→ **WHAT IS NEEDED**
All of the data needs to come back exactly as written.

→ **THE DATA**
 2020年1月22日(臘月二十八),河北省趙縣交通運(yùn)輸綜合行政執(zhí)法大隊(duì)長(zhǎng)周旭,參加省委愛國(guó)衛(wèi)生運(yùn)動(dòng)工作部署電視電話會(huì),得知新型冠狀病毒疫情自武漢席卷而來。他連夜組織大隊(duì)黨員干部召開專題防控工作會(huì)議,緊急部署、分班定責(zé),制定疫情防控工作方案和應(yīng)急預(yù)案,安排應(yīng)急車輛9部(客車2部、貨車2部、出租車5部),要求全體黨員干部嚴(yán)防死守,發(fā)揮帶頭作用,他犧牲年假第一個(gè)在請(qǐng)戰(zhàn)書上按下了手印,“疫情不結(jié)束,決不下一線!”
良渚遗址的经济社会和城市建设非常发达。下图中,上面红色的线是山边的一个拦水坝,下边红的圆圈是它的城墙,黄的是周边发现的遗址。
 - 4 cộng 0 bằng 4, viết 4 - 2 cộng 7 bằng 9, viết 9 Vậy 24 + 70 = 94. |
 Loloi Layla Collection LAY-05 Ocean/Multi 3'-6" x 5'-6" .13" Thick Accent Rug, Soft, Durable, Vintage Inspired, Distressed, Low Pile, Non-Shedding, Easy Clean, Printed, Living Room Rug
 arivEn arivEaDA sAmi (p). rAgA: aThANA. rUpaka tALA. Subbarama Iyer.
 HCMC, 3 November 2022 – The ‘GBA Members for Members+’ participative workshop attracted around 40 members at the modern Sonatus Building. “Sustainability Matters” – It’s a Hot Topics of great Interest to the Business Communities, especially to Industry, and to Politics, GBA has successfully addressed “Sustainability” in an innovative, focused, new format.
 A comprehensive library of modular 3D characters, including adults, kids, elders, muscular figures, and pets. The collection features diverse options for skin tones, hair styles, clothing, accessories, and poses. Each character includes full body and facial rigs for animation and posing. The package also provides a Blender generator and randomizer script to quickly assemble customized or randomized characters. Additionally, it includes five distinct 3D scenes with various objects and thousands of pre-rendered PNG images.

→ **ANSWER SPACE**
 2020年1月22日(臘月二十八),河北省趙縣交通運(yùn)輸綜合行政執(zhí)法大隊(duì)長(zhǎng)周旭,參加省委愛國(guó)衛(wèi)生運(yùn)動(dòng)工作部署電視電話會(huì),得知新型冠狀病毒疫情自武漢席卷而來。他連夜組織大隊(duì)黨員干部召開專題防控工作會(huì)議,緊急部署、分班定責(zé),制定疫情防控工作方案和應(yīng)急預(yù)案,安排應(yīng)急車輛9部(客車2部、貨車2部、出租車5部),要求全體黨員干部嚴(yán)防死守,發(fā)揮帶頭作用,他犧牲年假第一個(gè)在請(qǐng)戰(zhàn)書上按下了手印,“疫情不結(jié)束,決不下一線!”
良渚遗址的经济社会和城市建设非常发达。下图中,上面红色的线是山边的一个拦水坝,下边红的圆圈是它的城墙,黄的是周边发现的遗址。
 - 4 cộng 0 bằng 4, viết 4 - 2 cộng 7 bằng 9, viết 9 Vậy 24 + 70 = 94. |
 Loloi Layla Collection LAY-05 Ocean/Multi 3'-6" x 5'-6" .13" Thick Accent Rug, Soft, Durable, Vintage Inspired, Distressed, Low Pile, Non-Shedding, Easy Clean, Printed, Living Room Rug
 arivEn arivEaDA sAmi (p). rAgA: aThANA. rUpaka tALA. Subbarama Iyer.
 HCMC, 3 November 2022 – The ‘GBA Members for Members+’ participative workshop attracted around 40 members at the modern Sonatus Building. “Sustainability Matters” – It’s a Hot Topics of great Interest to the Business Communities, especially to Industry, and to Politics, GBA has successfully addressed “Sustainability” in an innovative, focused, new format.
 A comprehensive library of modular 3D characters, including adults, kids, elders, muscular figures, and pets. The collection features diverse options for skin tones, hair styles, clothing, accessories, and poses. Each character includes full body and facial rigs for animation and posing. The package also provides a Blender generator and randomizer script to quickly assemble customized or randomized characters. Additionally, it includes five distinct 3D scenes with various objects and thousands of pre-rendered PNG images.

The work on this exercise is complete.